START DATA PROVIDED

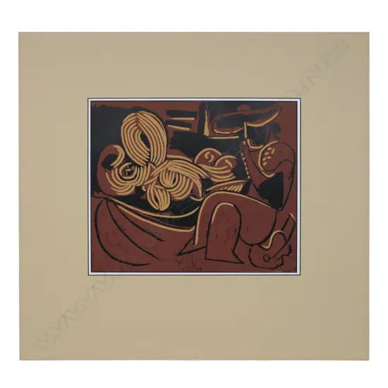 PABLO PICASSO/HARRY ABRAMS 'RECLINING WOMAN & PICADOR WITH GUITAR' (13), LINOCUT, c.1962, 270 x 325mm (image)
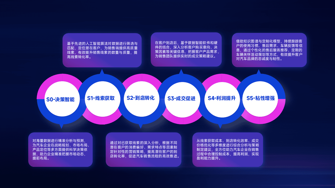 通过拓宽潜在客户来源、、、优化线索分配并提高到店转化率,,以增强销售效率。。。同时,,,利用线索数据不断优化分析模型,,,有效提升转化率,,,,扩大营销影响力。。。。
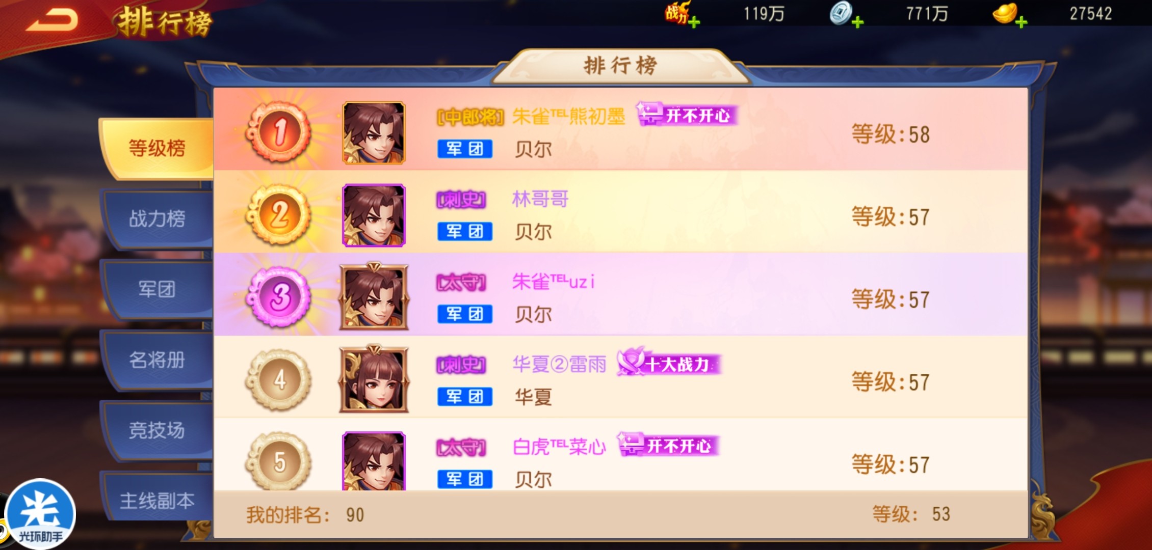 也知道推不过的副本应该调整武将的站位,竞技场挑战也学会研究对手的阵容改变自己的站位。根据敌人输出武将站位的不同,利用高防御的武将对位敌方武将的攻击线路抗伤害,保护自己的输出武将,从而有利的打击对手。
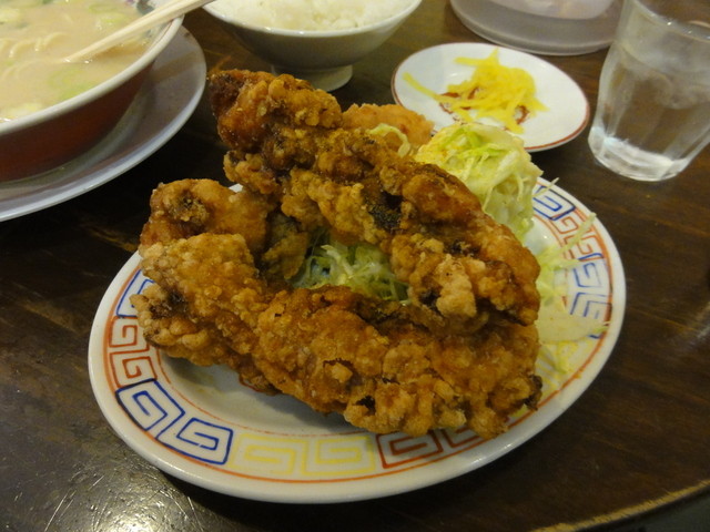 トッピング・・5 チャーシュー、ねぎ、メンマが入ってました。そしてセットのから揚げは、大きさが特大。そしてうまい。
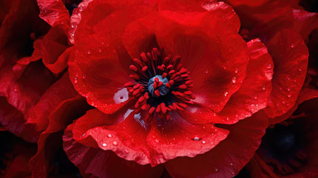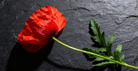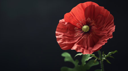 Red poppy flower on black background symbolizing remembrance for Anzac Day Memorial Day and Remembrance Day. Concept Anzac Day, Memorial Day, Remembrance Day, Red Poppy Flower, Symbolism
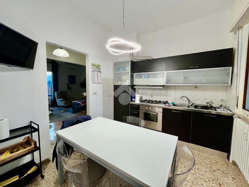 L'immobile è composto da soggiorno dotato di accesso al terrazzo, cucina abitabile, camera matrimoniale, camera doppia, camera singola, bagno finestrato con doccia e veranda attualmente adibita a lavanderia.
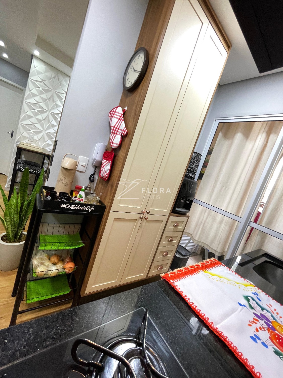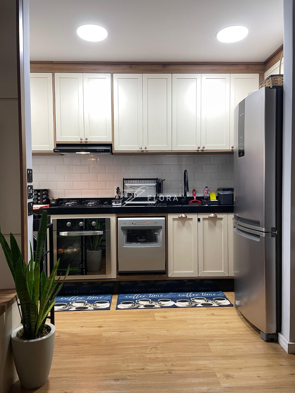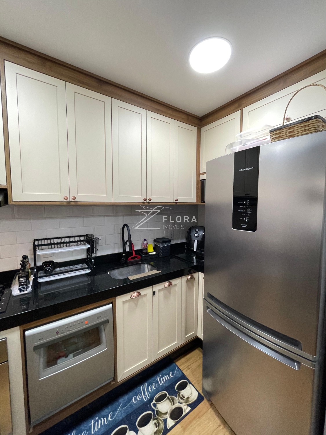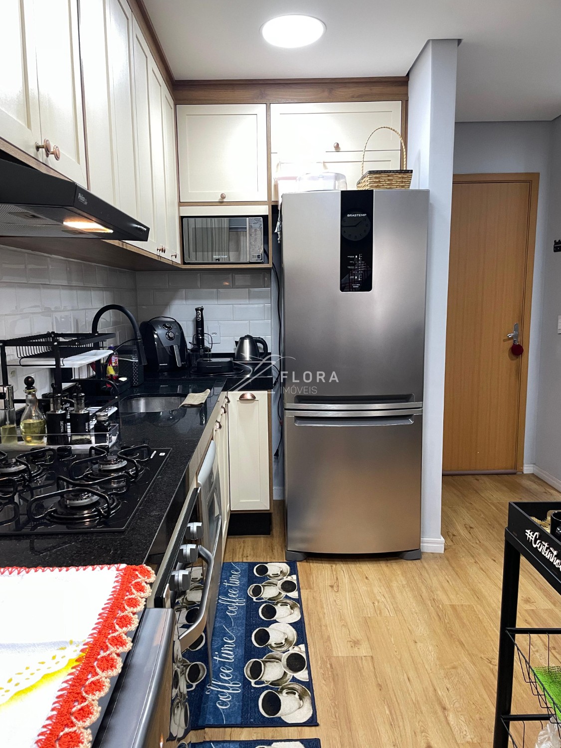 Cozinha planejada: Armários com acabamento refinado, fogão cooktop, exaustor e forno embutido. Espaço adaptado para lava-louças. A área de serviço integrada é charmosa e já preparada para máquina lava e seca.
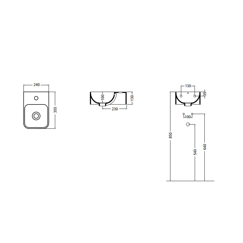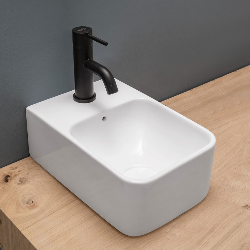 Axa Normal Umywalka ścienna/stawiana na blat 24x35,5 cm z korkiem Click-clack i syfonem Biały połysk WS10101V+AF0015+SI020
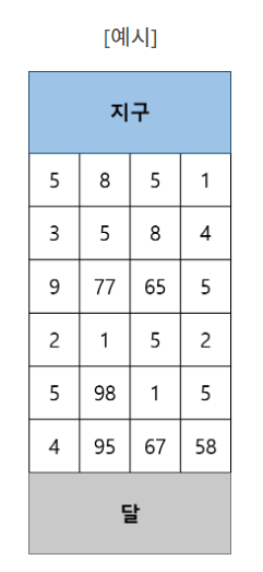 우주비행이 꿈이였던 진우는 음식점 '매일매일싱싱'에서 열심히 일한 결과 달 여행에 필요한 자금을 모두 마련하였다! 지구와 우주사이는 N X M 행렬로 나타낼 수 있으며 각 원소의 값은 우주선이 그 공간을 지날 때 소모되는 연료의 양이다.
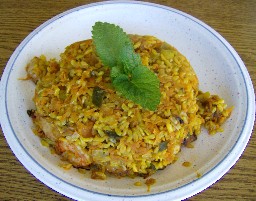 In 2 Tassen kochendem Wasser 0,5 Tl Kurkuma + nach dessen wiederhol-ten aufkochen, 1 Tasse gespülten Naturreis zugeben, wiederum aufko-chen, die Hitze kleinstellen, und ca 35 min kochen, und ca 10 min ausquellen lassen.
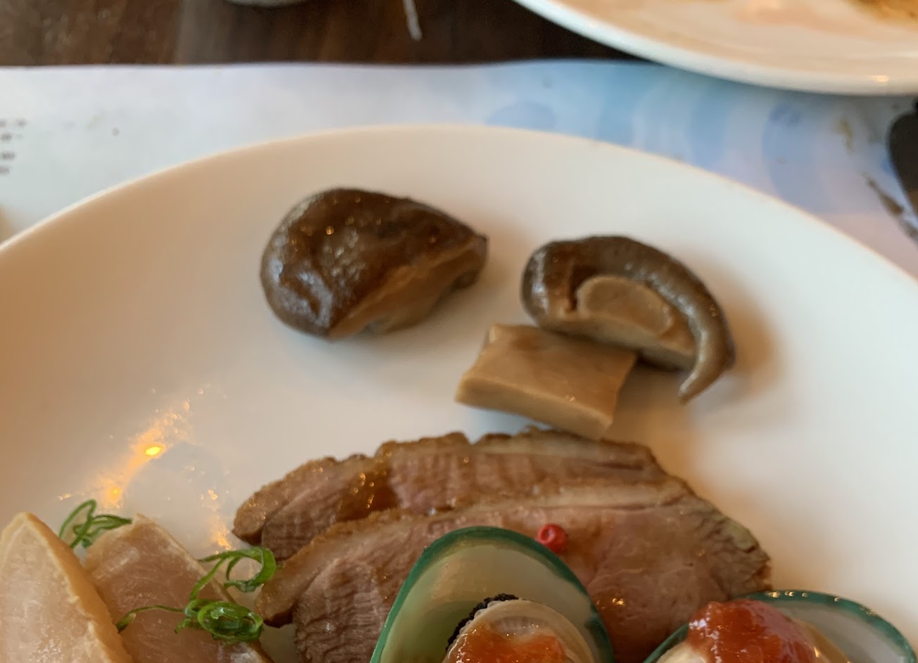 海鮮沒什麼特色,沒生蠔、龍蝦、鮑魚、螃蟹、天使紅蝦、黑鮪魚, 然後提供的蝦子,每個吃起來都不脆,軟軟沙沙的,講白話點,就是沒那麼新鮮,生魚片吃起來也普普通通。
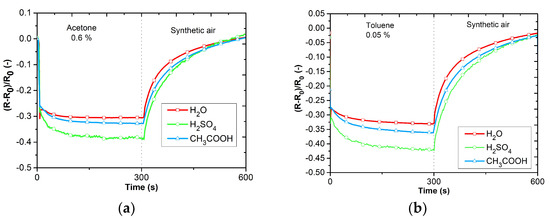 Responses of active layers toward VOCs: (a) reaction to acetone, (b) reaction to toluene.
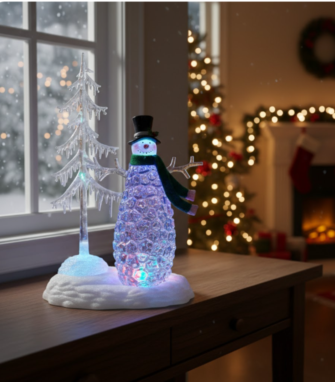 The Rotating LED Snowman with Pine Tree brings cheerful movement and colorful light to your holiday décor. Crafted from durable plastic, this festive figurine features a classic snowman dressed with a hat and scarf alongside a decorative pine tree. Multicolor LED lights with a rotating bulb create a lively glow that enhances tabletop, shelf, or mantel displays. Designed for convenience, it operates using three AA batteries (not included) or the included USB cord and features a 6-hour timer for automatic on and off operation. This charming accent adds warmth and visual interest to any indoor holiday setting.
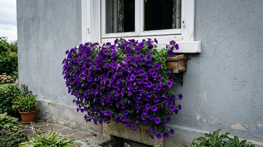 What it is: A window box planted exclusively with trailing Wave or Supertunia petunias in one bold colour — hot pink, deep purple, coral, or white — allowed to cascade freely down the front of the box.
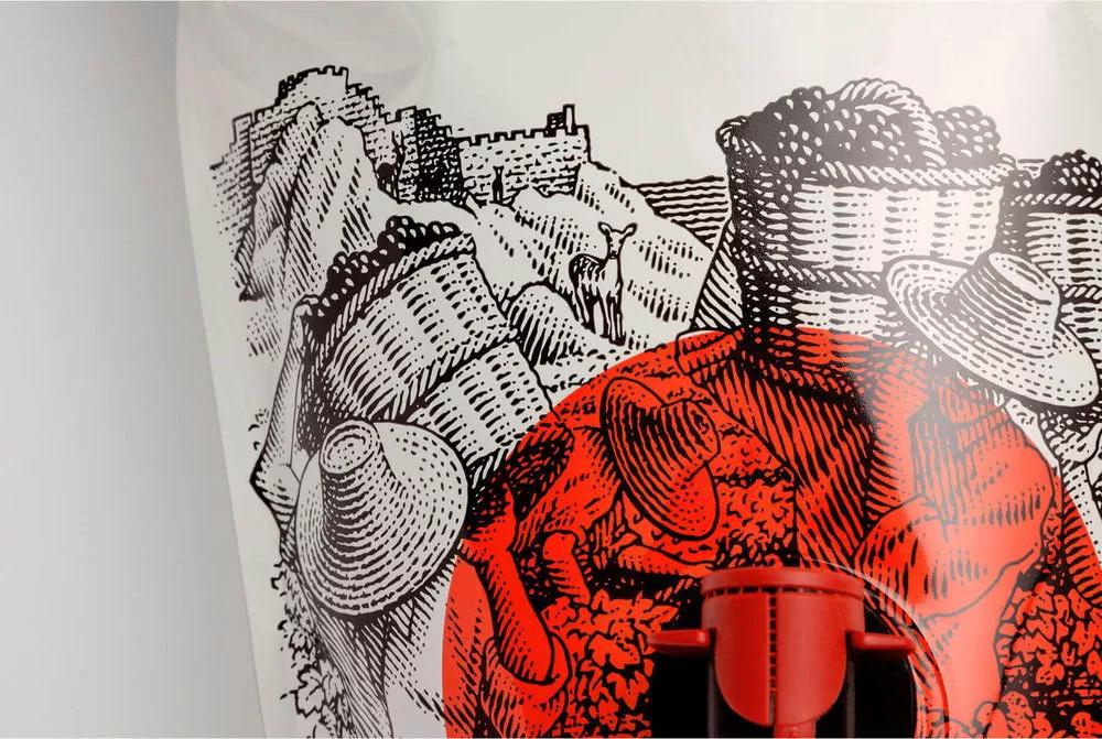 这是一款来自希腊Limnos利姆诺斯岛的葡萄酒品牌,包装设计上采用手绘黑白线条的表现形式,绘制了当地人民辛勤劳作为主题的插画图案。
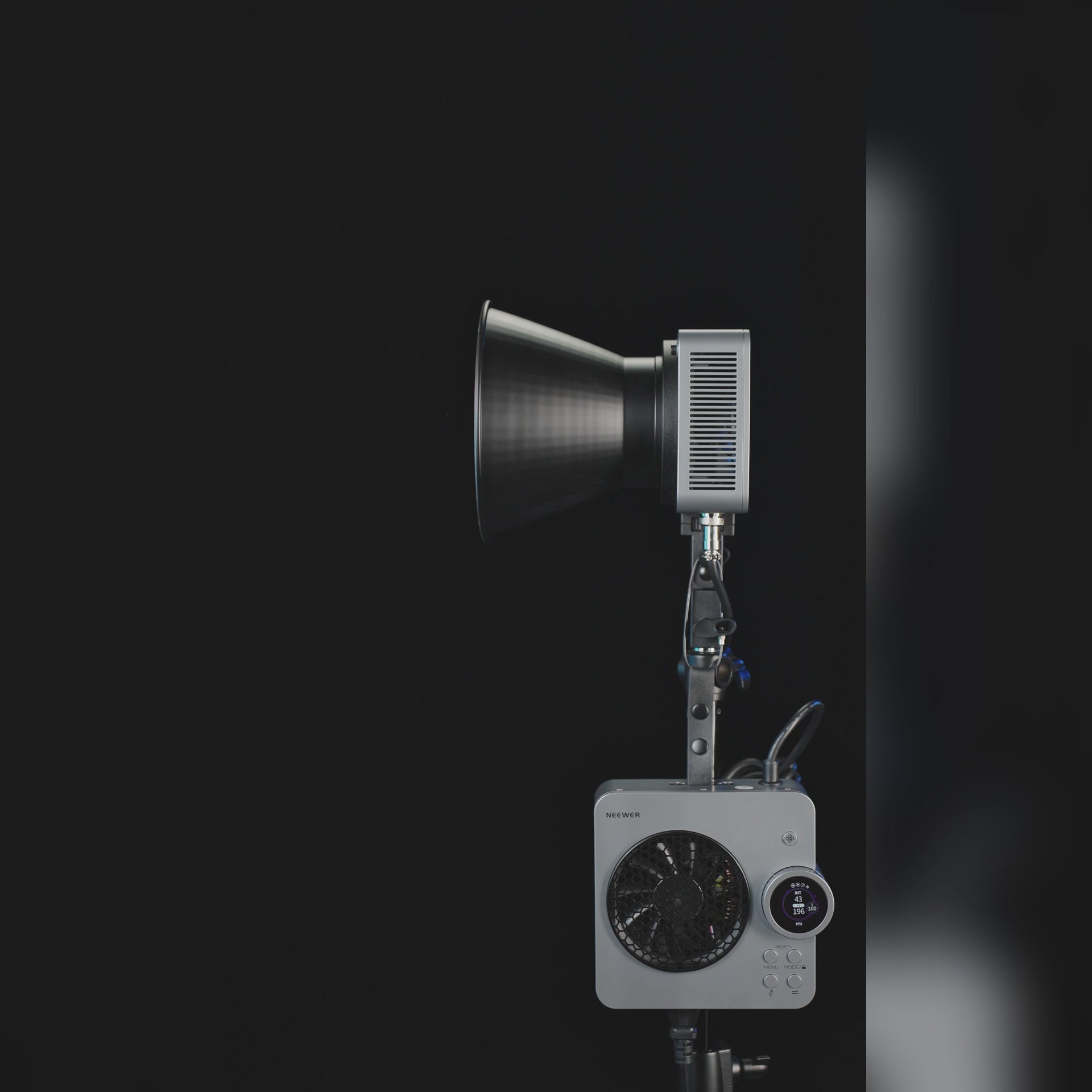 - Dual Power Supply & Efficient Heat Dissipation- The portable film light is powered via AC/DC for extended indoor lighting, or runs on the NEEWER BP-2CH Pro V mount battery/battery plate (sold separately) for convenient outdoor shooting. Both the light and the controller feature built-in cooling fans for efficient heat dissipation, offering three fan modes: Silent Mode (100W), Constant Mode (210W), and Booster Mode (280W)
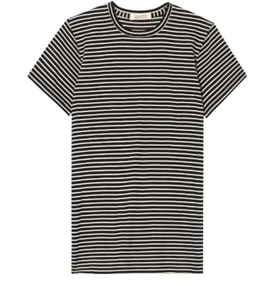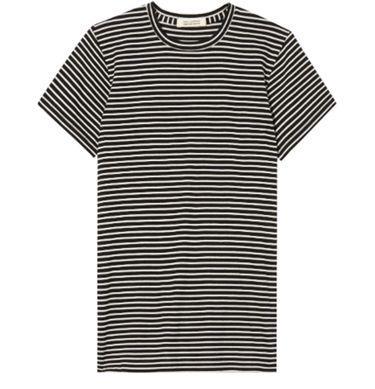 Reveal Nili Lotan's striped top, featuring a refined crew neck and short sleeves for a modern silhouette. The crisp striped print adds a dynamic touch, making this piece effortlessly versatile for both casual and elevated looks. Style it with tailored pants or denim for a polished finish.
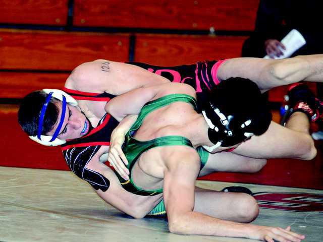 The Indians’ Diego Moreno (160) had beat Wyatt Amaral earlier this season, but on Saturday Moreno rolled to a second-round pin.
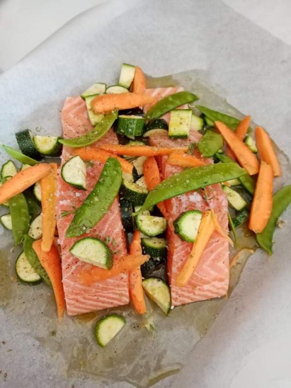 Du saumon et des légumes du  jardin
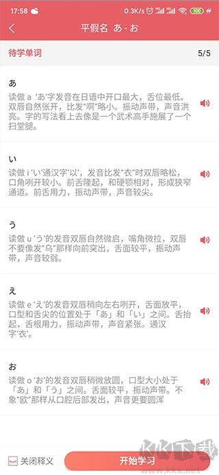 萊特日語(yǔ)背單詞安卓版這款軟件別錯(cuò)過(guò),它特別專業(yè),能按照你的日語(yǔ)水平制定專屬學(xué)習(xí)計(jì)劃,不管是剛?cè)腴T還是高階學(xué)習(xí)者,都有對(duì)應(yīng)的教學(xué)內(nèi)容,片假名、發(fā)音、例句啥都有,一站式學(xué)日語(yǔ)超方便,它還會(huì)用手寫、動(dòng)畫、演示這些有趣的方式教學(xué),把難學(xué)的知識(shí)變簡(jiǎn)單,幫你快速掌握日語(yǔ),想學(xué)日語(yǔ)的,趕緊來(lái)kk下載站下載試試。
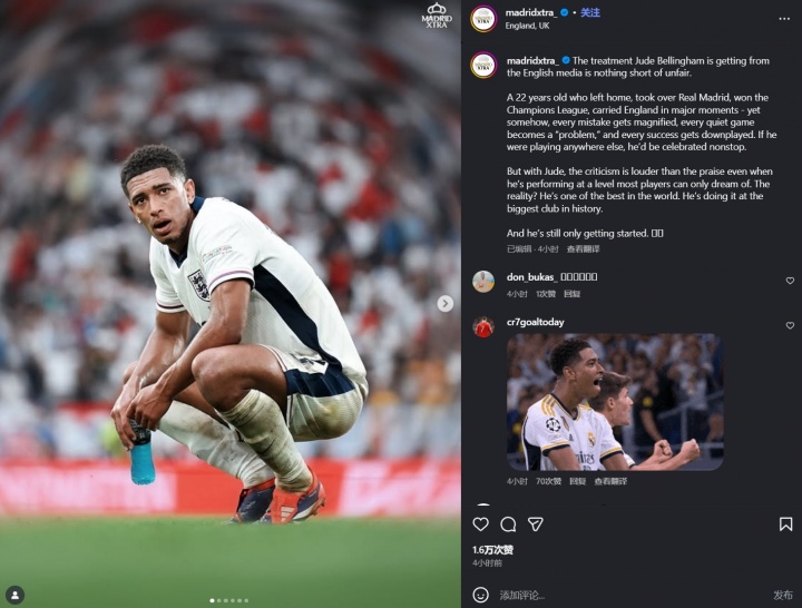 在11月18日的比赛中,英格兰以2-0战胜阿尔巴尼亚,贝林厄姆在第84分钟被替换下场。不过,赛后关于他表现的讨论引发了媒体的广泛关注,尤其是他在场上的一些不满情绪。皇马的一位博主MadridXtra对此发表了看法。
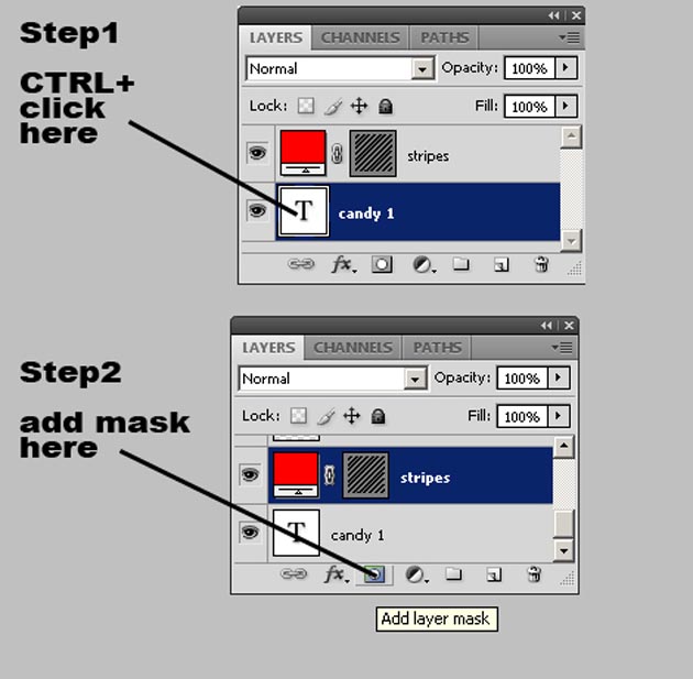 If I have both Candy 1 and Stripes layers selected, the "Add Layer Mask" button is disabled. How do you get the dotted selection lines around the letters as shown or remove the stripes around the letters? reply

END DATA PROVIDED

PROBLEM STATEMENT:
Could you write out, word for word, the lines from the one containing "- Dual Power" through the last line of the records, leaving out the pictures?

ANSWER SPACE:
 - Dual Power Supply & Efficient Heat Dissipation- The portable film light is powered via AC/DC for extended indoor lighting, or runs on the NEEWER BP-2CH Pro V mount battery/battery plate (sold separately) for convenient outdoor shooting. Both the light and the controller feature built-in cooling fans for efficient heat dissipation, offering three fan modes: Silent Mode (100W), Constant Mode (210W), and Booster Mode (280W)
 Reveal Nili Lotan's striped top, featuring a refined crew neck and short sleeves for a modern silhouette. The crisp striped print adds a dynamic touch, making this piece effortlessly versatile for both casual and elevated looks. Style it with tailored pants or denim for a polished finish.
 The Indians’ Diego Moreno (160) had beat Wyatt Amaral earlier this season, but on Saturday Moreno rolled to a second-round pin.
 Du saumon et des légumes du  jardin
 萊特日語(yǔ)背單詞安卓版這款軟件別錯(cuò)過(guò),它特別專業(yè),能按照你的日語(yǔ)水平制定專屬學(xué)習(xí)計(jì)劃,不管是剛?cè)腴T還是高階學(xué)習(xí)者,都有對(duì)應(yīng)的教學(xué)內(nèi)容,片假名、發(fā)音、例句啥都有,一站式學(xué)日語(yǔ)超方便,它還會(huì)用手寫、動(dòng)畫、演示這些有趣的方式教學(xué),把難學(xué)的知識(shí)變簡(jiǎn)單,幫你快速掌握日語(yǔ),想學(xué)日語(yǔ)的,趕緊來(lái)kk下載站下載試試。
 在11月18日的比赛中,英格兰以2-0战胜阿尔巴尼亚,贝林厄姆在第84分钟被替换下场。不过,赛后关于他表现的讨论引发了媒体的广泛关注,尤其是他在场上的一些不满情绪。皇马的一位博主MadridXtra对此发表了看法。
 If I have both Candy 1 and Stripes layers selected, the "Add Layer Mask" button is disabled. How do you get the dotted selection lines around the letters as shown or remove the stripes around the letters? reply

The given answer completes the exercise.